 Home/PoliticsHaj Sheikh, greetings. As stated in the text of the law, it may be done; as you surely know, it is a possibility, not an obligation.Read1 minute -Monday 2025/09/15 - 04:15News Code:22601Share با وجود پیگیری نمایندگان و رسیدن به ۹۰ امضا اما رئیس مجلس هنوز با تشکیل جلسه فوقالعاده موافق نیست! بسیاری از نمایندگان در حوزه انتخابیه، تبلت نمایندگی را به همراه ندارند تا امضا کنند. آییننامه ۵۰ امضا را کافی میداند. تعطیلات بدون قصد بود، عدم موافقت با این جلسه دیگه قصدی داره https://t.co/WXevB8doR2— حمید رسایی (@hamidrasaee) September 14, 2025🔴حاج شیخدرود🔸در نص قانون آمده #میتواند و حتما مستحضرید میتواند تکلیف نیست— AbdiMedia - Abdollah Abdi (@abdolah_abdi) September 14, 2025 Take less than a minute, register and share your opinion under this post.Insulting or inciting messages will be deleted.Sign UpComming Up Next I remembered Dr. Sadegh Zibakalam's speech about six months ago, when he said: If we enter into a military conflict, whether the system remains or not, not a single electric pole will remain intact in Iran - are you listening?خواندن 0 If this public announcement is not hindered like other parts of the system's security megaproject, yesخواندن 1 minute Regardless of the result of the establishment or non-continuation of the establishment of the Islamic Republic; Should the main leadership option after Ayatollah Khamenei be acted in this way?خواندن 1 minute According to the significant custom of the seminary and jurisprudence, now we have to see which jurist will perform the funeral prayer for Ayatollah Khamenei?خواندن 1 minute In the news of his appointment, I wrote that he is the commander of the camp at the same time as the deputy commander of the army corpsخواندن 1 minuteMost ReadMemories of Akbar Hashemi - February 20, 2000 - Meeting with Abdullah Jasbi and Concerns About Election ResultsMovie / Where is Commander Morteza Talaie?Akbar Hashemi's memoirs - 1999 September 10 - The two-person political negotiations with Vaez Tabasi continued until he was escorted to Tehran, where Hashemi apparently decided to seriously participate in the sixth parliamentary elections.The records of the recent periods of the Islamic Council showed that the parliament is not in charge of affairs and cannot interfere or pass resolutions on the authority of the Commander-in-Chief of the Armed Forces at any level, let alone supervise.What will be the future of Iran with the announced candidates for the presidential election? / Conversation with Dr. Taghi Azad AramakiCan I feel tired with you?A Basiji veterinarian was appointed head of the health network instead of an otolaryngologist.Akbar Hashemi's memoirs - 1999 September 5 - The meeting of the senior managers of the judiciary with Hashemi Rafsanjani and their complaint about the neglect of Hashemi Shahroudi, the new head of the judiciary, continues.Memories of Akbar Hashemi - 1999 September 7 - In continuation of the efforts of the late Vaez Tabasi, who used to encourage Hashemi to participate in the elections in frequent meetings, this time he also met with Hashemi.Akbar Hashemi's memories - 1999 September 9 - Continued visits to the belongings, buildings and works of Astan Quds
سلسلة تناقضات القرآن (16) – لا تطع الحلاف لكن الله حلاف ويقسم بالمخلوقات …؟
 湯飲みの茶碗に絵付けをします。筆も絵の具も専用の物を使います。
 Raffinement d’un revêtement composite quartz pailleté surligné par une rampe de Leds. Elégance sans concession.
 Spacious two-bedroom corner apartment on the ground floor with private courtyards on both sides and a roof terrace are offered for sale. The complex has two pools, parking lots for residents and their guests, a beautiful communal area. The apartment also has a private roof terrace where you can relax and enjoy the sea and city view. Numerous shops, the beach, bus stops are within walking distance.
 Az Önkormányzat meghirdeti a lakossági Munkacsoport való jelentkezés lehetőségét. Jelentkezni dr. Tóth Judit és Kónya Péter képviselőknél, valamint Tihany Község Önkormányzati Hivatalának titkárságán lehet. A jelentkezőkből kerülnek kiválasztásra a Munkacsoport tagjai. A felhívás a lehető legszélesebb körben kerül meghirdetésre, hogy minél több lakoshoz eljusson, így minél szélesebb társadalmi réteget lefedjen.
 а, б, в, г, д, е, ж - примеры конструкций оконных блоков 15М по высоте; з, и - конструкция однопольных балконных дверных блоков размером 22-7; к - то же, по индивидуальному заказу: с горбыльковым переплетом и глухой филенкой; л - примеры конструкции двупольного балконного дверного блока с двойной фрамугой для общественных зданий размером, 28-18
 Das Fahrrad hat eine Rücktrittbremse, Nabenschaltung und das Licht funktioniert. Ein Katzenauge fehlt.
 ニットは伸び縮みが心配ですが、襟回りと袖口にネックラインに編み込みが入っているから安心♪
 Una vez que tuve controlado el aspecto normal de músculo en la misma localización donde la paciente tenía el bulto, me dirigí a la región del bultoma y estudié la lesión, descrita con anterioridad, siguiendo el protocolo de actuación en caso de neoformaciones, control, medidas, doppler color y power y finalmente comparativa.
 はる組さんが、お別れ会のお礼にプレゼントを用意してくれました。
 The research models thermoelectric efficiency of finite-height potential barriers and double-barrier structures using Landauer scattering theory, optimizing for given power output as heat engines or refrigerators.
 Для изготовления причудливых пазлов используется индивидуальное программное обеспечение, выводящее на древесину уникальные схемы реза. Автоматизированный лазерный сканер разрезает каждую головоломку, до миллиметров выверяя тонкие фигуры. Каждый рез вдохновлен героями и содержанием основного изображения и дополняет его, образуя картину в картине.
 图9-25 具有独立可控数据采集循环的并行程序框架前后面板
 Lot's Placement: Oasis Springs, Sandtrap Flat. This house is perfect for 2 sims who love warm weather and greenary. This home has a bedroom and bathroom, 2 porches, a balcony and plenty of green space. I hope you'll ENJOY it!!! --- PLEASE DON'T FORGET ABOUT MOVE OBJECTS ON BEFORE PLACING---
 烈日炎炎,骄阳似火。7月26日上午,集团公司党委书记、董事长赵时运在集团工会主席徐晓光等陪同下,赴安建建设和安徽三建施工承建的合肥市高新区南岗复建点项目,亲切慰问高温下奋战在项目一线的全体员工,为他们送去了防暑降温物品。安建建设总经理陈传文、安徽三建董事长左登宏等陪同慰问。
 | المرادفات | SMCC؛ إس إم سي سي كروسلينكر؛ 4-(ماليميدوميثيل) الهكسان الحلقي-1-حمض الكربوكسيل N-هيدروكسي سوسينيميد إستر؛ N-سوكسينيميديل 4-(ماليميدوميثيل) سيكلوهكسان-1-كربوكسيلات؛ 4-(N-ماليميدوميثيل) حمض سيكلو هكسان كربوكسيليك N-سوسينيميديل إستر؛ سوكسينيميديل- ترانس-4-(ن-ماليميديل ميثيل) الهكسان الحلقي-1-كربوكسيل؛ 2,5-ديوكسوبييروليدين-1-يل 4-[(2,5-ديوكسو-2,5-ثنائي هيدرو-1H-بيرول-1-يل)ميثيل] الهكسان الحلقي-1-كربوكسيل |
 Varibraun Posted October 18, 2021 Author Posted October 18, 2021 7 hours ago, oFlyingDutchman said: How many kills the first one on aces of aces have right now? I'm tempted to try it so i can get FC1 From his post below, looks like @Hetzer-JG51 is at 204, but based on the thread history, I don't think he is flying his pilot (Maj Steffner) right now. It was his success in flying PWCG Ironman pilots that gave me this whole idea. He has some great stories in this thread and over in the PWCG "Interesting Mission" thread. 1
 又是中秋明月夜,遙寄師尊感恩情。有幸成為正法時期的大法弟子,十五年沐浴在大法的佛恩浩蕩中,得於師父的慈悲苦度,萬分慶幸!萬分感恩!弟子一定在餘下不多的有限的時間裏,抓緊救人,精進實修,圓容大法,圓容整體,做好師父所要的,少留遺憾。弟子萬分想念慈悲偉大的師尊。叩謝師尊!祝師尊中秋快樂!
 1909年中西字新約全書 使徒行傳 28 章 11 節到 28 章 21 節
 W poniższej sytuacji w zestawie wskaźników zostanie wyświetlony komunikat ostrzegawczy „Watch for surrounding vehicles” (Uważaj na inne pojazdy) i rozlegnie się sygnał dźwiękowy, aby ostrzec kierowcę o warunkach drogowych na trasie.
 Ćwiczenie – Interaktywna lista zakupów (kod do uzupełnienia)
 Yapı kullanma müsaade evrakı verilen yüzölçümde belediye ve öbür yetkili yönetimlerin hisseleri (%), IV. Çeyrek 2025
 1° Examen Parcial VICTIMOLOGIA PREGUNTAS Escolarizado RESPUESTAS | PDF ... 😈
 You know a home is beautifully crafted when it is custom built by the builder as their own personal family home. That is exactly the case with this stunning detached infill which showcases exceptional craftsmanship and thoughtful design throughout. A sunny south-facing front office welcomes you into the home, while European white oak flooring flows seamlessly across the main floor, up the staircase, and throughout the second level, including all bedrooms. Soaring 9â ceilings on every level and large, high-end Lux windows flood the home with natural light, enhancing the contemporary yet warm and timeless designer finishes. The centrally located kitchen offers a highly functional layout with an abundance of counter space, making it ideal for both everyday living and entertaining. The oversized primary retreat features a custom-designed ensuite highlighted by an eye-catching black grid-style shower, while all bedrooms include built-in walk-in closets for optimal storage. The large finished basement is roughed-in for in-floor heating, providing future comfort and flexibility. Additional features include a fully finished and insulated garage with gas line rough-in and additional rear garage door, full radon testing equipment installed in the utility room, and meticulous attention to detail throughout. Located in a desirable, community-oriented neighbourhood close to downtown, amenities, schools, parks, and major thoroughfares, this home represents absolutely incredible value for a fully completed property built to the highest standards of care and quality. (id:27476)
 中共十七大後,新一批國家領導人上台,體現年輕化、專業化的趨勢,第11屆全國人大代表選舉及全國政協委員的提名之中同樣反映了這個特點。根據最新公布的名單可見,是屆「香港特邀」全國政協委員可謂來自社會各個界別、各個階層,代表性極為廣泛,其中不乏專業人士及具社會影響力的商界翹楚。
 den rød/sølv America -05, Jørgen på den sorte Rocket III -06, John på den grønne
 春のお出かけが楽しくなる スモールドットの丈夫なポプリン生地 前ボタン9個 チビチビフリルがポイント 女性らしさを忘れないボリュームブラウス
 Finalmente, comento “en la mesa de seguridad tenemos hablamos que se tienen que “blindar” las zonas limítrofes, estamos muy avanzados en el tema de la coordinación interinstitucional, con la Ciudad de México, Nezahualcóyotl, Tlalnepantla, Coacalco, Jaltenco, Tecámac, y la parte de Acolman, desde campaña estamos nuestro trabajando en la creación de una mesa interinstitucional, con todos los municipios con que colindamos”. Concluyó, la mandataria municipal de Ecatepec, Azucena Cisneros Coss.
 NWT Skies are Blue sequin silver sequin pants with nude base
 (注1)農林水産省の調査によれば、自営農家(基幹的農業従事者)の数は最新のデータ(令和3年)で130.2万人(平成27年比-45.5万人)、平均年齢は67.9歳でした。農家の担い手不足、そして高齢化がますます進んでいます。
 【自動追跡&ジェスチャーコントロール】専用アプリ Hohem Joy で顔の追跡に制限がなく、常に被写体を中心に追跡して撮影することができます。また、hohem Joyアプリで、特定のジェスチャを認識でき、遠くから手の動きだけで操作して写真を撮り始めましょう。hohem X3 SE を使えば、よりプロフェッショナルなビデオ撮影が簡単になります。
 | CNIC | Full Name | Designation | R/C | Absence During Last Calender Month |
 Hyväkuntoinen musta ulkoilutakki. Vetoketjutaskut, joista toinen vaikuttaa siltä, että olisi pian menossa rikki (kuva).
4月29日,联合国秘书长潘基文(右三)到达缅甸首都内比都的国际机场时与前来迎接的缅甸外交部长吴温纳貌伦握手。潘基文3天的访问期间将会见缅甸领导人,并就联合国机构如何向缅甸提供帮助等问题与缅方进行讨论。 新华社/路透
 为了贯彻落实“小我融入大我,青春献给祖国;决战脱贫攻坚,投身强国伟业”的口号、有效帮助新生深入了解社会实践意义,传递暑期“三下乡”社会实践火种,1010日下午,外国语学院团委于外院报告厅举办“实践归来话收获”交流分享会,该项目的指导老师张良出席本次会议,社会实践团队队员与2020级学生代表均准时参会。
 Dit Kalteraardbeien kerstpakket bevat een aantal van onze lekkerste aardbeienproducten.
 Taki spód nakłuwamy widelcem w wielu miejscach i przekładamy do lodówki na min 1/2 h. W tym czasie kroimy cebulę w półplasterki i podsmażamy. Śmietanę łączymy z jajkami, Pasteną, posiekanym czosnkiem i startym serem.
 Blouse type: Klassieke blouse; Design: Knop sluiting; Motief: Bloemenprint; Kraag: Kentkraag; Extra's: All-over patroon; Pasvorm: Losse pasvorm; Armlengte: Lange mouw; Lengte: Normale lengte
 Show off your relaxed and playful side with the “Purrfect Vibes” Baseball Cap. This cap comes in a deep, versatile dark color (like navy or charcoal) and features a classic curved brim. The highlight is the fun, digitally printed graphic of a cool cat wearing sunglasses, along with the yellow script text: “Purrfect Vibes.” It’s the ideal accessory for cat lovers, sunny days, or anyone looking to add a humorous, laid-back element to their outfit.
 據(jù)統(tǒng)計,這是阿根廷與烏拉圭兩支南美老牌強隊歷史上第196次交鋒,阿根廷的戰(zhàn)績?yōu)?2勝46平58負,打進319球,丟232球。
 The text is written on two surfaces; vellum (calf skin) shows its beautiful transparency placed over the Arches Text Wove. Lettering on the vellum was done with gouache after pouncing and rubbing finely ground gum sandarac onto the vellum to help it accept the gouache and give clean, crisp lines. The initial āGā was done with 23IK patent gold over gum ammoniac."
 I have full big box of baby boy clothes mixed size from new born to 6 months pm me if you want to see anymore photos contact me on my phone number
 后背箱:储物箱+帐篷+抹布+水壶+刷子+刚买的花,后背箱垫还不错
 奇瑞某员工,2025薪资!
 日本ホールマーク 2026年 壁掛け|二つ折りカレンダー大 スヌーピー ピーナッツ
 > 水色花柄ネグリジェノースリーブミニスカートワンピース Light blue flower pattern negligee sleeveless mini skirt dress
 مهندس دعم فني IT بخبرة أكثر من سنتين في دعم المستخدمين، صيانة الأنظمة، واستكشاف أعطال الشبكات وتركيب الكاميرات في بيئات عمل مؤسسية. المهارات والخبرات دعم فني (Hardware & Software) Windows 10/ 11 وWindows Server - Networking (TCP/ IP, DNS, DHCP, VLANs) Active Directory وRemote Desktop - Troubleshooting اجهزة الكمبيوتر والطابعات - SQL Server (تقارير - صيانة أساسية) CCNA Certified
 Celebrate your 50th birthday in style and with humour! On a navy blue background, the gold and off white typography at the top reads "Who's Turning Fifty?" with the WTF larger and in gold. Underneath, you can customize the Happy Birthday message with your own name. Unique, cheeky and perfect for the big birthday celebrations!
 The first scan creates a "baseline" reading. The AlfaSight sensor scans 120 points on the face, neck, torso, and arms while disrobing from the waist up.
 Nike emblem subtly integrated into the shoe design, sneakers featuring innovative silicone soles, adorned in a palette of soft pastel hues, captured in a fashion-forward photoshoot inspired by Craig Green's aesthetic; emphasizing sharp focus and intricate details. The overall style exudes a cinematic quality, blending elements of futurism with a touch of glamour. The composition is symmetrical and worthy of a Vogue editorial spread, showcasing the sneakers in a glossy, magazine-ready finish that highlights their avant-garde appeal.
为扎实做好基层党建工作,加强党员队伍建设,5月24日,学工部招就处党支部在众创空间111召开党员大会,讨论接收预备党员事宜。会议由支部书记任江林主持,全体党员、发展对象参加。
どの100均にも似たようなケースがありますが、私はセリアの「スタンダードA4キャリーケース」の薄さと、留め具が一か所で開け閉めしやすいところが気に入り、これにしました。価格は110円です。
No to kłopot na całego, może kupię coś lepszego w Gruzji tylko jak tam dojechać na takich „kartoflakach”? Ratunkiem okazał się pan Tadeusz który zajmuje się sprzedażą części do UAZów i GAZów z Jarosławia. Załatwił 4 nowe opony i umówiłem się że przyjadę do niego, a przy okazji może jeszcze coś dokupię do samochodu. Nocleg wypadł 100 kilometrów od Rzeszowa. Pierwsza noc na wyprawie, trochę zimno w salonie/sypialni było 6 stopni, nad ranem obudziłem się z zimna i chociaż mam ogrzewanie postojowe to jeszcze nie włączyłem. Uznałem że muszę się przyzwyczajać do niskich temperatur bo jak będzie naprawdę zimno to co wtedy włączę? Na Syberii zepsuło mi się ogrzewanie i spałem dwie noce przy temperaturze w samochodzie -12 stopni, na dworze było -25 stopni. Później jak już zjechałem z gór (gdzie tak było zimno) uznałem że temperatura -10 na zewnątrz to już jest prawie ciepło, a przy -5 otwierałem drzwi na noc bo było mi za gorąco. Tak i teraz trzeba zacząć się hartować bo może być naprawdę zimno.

.....

### [Exercise objective]
Exact duplication is required for the lines above, from the line that contains "Dit Kalteraardbeien kerstpakket" to the line that contains "Show off your", inclusive; omit all others.

### [Answer to this task]
 Dit Kalteraardbeien kerstpakket bevat een aantal van onze lekkerste aardbeienproducten.
 Taki spód nakłuwamy widelcem w wielu miejscach i przekładamy do lodówki na min 1/2 h. W tym czasie kroimy cebulę w półplasterki i podsmażamy. Śmietanę łączymy z jajkami, Pasteną, posiekanym czosnkiem i startym serem.
 Blouse type: Klassieke blouse; Design: Knop sluiting; Motief: Bloemenprint; Kraag: Kentkraag; Extra's: All-over patroon; Pasvorm: Losse pasvorm; Armlengte: Lange mouw; Lengte: Normale lengte
 Show off your relaxed and playful side with the “Purrfect Vibes” Baseball Cap. This cap comes in a deep, versatile dark color (like navy or charcoal) and features a classic curved brim. The highlight is the fun, digitally printed graphic of a cool cat wearing sunglasses, along with the yellow script text: “Purrfect Vibes.” It’s the ideal accessory for cat lovers, sunny days, or anyone looking to add a humorous, laid-back element to their outfit.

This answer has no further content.